İkincisi,Hindistan da Allahabat nehri ve ganj nehrinde sularının denize
döküldüğü nokta da tatlı nehir suyu ile tuzlu deniz suyu birbirine
karışmıyor ve Hintliler bunu binlerce yıldır biliyorlar.Dünya nın pek
çok yerinde bu böyledir ve Amazon nehrinin yerlileri bile bunu
biliyorlar.Kusto da zaten bunu onlardan duymuştu ve bu bilinen olay
Cebeli Tarıkta da varmı diye gidip orada da kontrol etti.Kusto bunu ilk
ben buldum demiyor zaten.Binlerce yıldır her yerde bilinen bir
olayın,Okyanus ve Denizlerin buluşma noktalarında da olup olmadıgını
merak ettim diyor.İşte hepsi bu.
Muhammed in zamanında
ki Araplar da bunu biliyorlardı zaten.Şu şekilde biliyorlardı=tatlı olan
denizin suyunu içiyorlar ve zevk alıyorlar.tuzlu olanını ise suyunu acı
buluyorlar ve içemiyorlar.Suların karışmadıgını böyle anlıyorlar.

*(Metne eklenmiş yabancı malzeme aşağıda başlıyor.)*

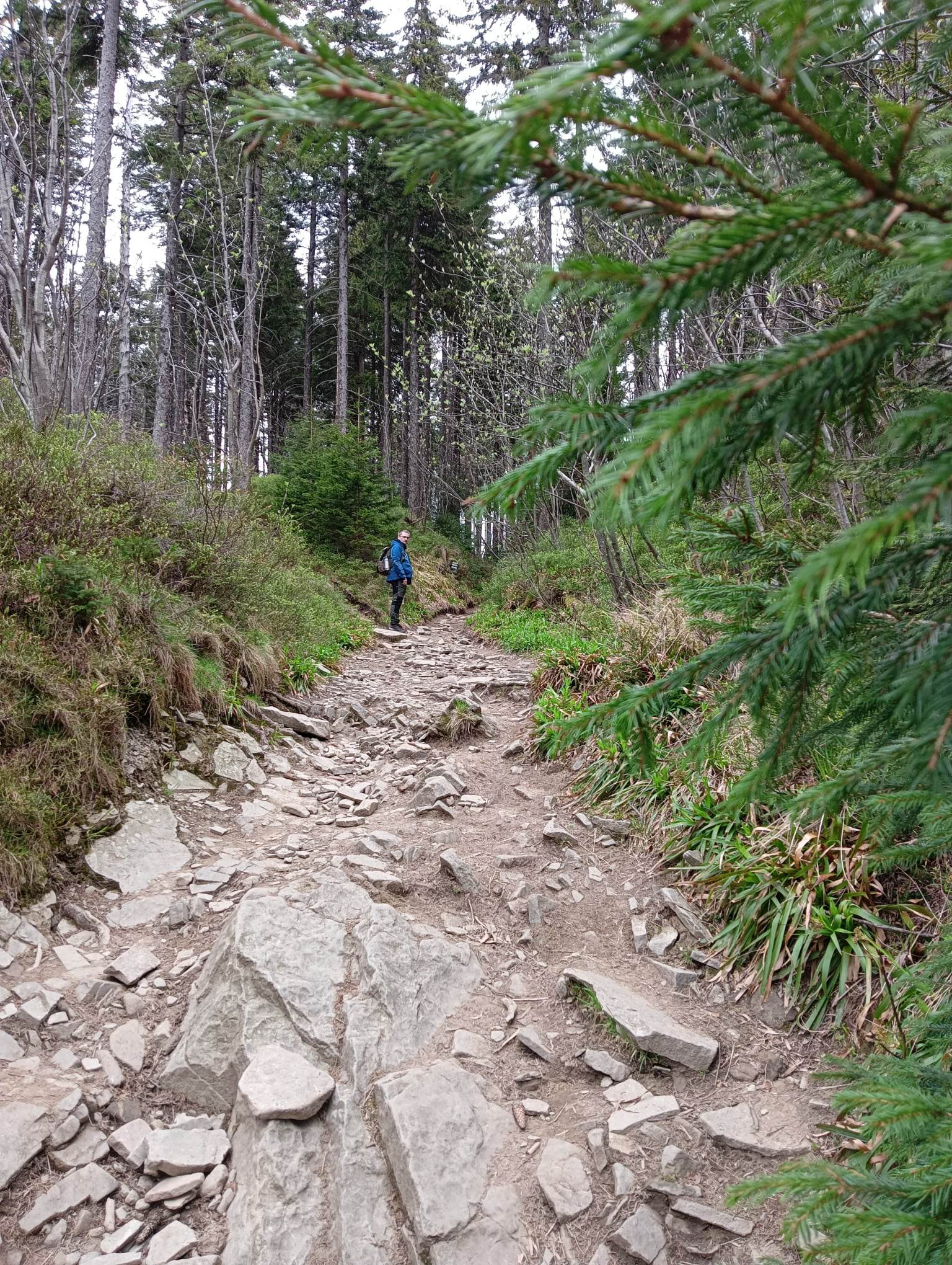 Trasę zaplanowaliśmy tak, że wchodzimy na szczyt szlakiem zielonym, a schodzimy niebieskim.

Zaten ayetler de birini içtebildiğiniz,diğerini içemediğiniz şu iki deniz varya diye başlıyorlar.
”Ve iki denizi birbiri üstüne saldı.Biri TATLIDIR diğeri TUZLUDUR.Arada engel var karışmazlar=FURKAN 53”
”Tatlı
olandan içersiniz ama tuzlu olandan içemezsiniz.Böylece bu iki deniz
bir değildir.Üzerlerinde gemiler yüzdürürsünüz ve balık tutarsınız=FATIR
12”
Ama hem o devirdeki Araplar,hem de
Muhammet arada bir perde,görünmez bir perde oldugu için karışmadıgını
söylüyorlar.Oysa böyle bir perde yoktur.Olsaydı denizaltılar
geçemezdi.Balıkların geçmemesini Araplar perdeye baglamışlardır.
NOT:Bütün bu hayali bilimsellik uydurmalarına sebep olan şey;batı
bilimi karşısında aşağılık kompleksine kapılmış olmalarıdır.Batı bilimi
karşısında geri kalmışlık ve eziklik hissetmeselerdi,bu gibi çakma
bilimsel mucizeler uydurma gereği duymayacaklardı.